Meet Our President
Dr. Marlene Tromp became the seventh President of Boise State University on July 1, 2019. She has worked in partnership with the top-tier faculty to increase the academic excellence of the university and has broken a student graduation record, research funding record, and philanthropy record since her arrival. She has increased access and enrollment for Idaho students and provided an affordable education for students from elsewhere to fuel the booming Idaho economy. With academic leadership, she has created pathbreaking partnerships with industry and nonprofits to advance students and the state.

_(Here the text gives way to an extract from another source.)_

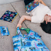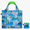The design features SAM WILDE'S surreal underwater oasis, where leopards lounge among neon corals, patterned cacti and fantastical sea plants. Set against a shimmering turquoise backdrop, this recycled bag is an elegant mix of electric pinks, zesty greens and sunny yellows. A vivid pop–art daydream!
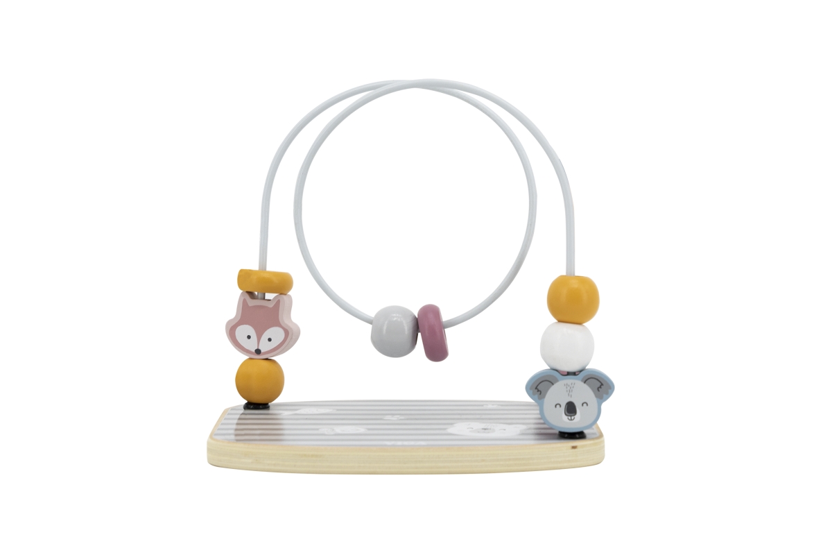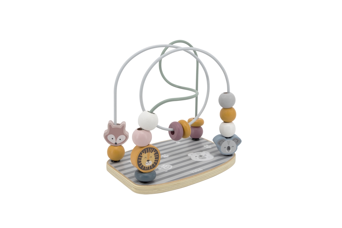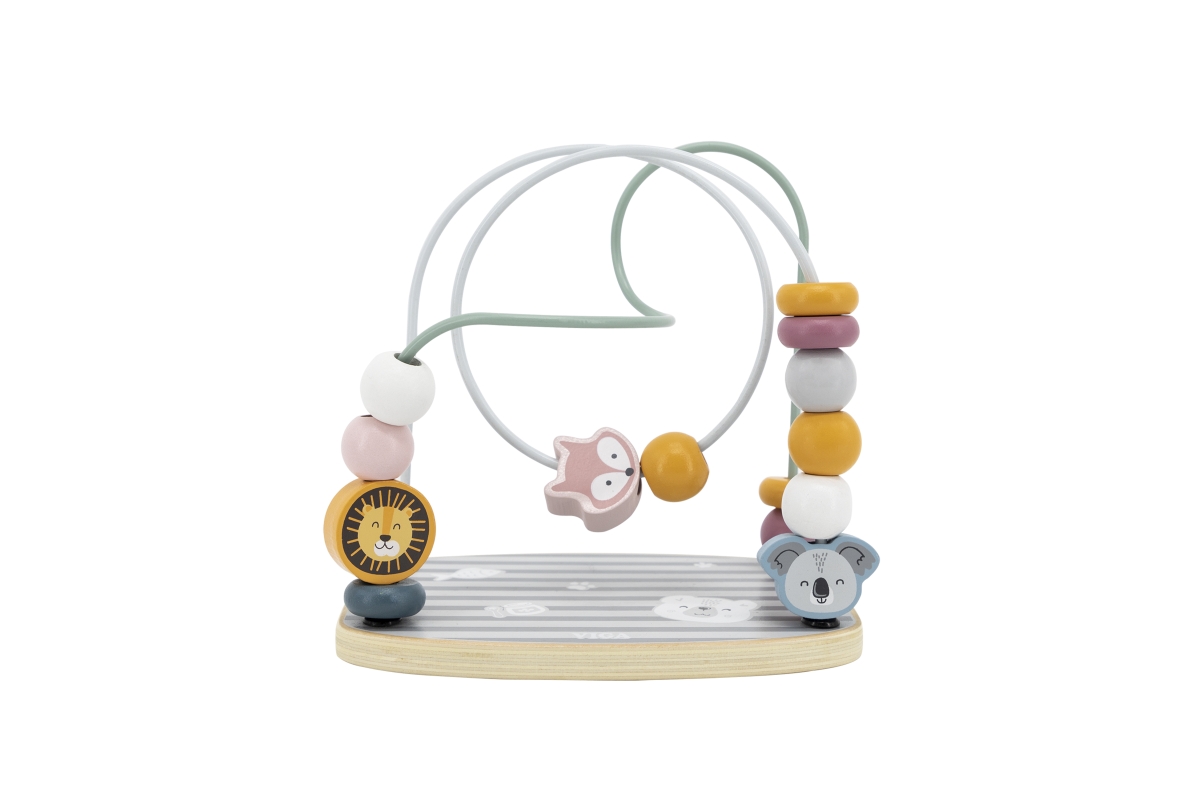 Dřevěné bludiště v jemných pastelových barvách je vhodnou hračkou pro malé kluky i holčičky. Lesní zvířátka i barevné korálky se nemohou dočkat, až je děti bezpečně provedou zamotaným labyrintem. S liškou, lvem i koalou si děti procvičí jemnou motoriku, logické myšlení a prostorovou představivost, koordinaci očí a rukou. Děti se naučí aspoň chvíli soustředit na jednu činnost a trpělivosti.

She brought Boise State University into the UPWARDS partnership at the G7 Summit and oversaw the launch of the Microelectronics Education and Research (MER) Institute to advance efforts to prepare a broad array of students for work in the semiconductor industry. She brought Boise State onto the Council on Competitiveness, designed to enhance U.S. productivity and prosperity for all Americans. She formed strategic partnerships with industry, higher education and government by launching the Institute for Pervasive Cybersecurity. She supported enormous growth in the health sciences in every sector, graduated more students in education, and increased interdisciplinary thought-leadership through cutting-edge programs like the School of the Environment and School of Computing. She also had the privilege of opening an award-winning fine arts facility and a world-class engineering facility focused on materials science and pathbreaking qDNA research for quantum computing.
Her passion for supporting students inspired her to increase student access by developing an endowment for the Presidential True Blue Scholarship to reduce the barrier of financial need —giving more students the opportunity to change their lives and bring their gifts to the world. Her conviction that students in rural communities deserved access to quality higher education led her to spearhead the Community Impact Program, which brings education to them, the Hometown Challenge, which helps students return home to give back in their communities. She made Boise State a founding member of REP4, a national effort to engage students themselves in redesigning higher education, so it works better for them, and supported Bronco Gap Year, which has provided students with a low-cost, flexible and individualized college learning experience.
She deepened Boise State’s community engagement and scholarly inquiry through the creation of a President’s Professor of Public Scholarship and Engagement, designed to bring our faculty’s excellent research into the service of our broader community, as well as the pathbreaking Institute for Advancing American Values, which is designed to bring people from different perspectives together to hear and learn from one another. She serves as one of 24 members of the NCAA Division I Board of Directors from the hundreds of Division I institutions across the country. She is one of a handful of presidents selected by the Federal Reserve Chair of San Francisco to consult on higher education.
She has spent the majority of her administrative career at AAU institutions. She served as the campus provost and executive vice chancellor at the University of California at Santa Cruz, where she oversaw one of the most outstanding faculties on the continent. She also served as a dean and vice provost at Arizona State University, named the most innovative in the nation six years in a row.
She remains a dedicated scholar and is author of several books and many articles on Victorian literature and culture and its relationship to our current cultural moment.